I love this map from a great article in the Daily Mail, of all places. The basic premises are that kids don't get to roam independently as much as they used to, and that exposure to nature has huge positive health and psychological benefits for all of us. Granted the actual landscape and the landscape of risk has also changed in the time period referenced, so depending on one's specific environment, it may make more or less sense to trust our most precious resources, our children, to roam free range. Designing communities with walkability and children's safety is a laudable goal, but that's a rant for another day. I, of course had to walk to school in the snow, uphill, both ways, so stay off my lawn.

Finding the balance between providing an acceptable level of risk, as well as challenges that help kids be more resilient and able to cope with stress, is critical. Kids with no challenges, no risk, and no stress are not likely to develop much character. On the other hand, the lowest performing kids academically are often those who live in high stress environments not of their choosing. Having the fight or flight response triggered almost constantly in day to day life is antithetical to learning or healthy development. The adrenalized, cortisol reaction makes concentration very difficult and causes major health problems which persist throughout their lives.

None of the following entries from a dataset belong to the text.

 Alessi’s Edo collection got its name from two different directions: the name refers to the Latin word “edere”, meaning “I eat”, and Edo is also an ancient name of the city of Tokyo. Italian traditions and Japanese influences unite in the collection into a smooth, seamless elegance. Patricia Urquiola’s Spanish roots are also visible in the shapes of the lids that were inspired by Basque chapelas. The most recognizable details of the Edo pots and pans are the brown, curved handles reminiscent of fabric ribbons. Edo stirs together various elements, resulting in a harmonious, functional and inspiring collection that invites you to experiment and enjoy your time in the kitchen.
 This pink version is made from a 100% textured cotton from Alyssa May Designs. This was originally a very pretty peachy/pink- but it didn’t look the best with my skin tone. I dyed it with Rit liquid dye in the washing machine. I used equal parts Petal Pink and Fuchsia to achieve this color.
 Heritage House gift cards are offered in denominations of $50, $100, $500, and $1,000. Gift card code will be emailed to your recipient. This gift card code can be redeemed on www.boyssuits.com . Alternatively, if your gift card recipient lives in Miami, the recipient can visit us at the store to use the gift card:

Parks, of course, allow a safe place for kids and adults to de-stress the bad stress while also providing challenges that encourage the good stress, like climbing to the top of the climbing sculpture, meeting new playmates, having unstructured play in the woods, or competing on the soccer field. Active living has gained acknowledgement in the public health realm as being vital for our health. I suspect that the next big wave will be about the importance of interacting with the natural world and how vital that is to our health. This is already happening to some extent, with lots of research to back it up. Some key findings are referenced in the article linked above.

A quick excerpt from the Daily Mail article:
The report's author, Dr William Bird, the health adviser to Natural England and the organiser of a conference on nature and health, believes children's long-term mental health is at risk. He has compiled evidence that people are healthier and better adjusted if they get out into the countryside, parks or gardens.

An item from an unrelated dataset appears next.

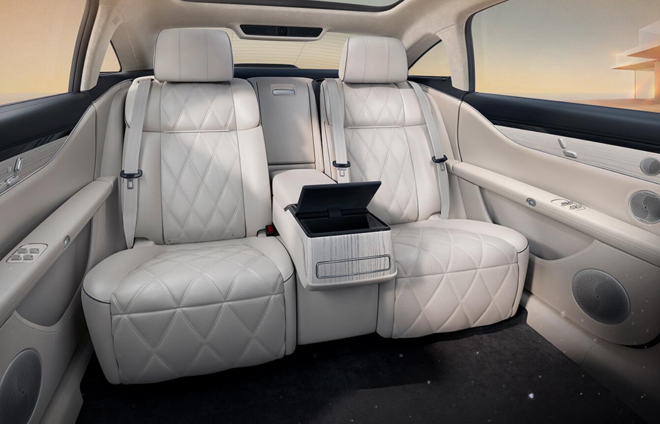 中央扶手箱處還有著翹起的液晶控制屏幕,進(jìn)一步提升了交互體驗(yàn)。全景大天幕,類似于投影屏的機(jī)構(gòu),層次感豐富的門板裝飾肉眼可見的多音源音響,隨處可見的木紋裝飾也提升了豪華的感覺。雖然圖中沒有公布,但例如前排座椅后方Maglink平板接口,后排手機(jī)無(wú)線充電面板,座椅按摩,Napaa真皮等元素都不會(huì)缺席,符合該級(jí)別應(yīng)有的表現(xiàn)。而電冰箱手動(dòng)遮陽(yáng)簾小桌板四車窗雙層夾膠玻璃等都應(yīng)有盡有。

Stress levels fall within minutes of seeing green spaces, he says. Even filling a home with flowers and plants can improve concentration and lower stress.

"If children haven't had contact with nature, they never develop a relationship with natural environment and they are unable to use it to cope with stress."

"Studies have shown that people deprived of contact with nature were at greater risk of depression and anxiety. Children are getting less and less unsupervised time in the natural environment."

"They need time playing in the countryside, in parks and in gardens where they can explore, dig up the ground and build dens."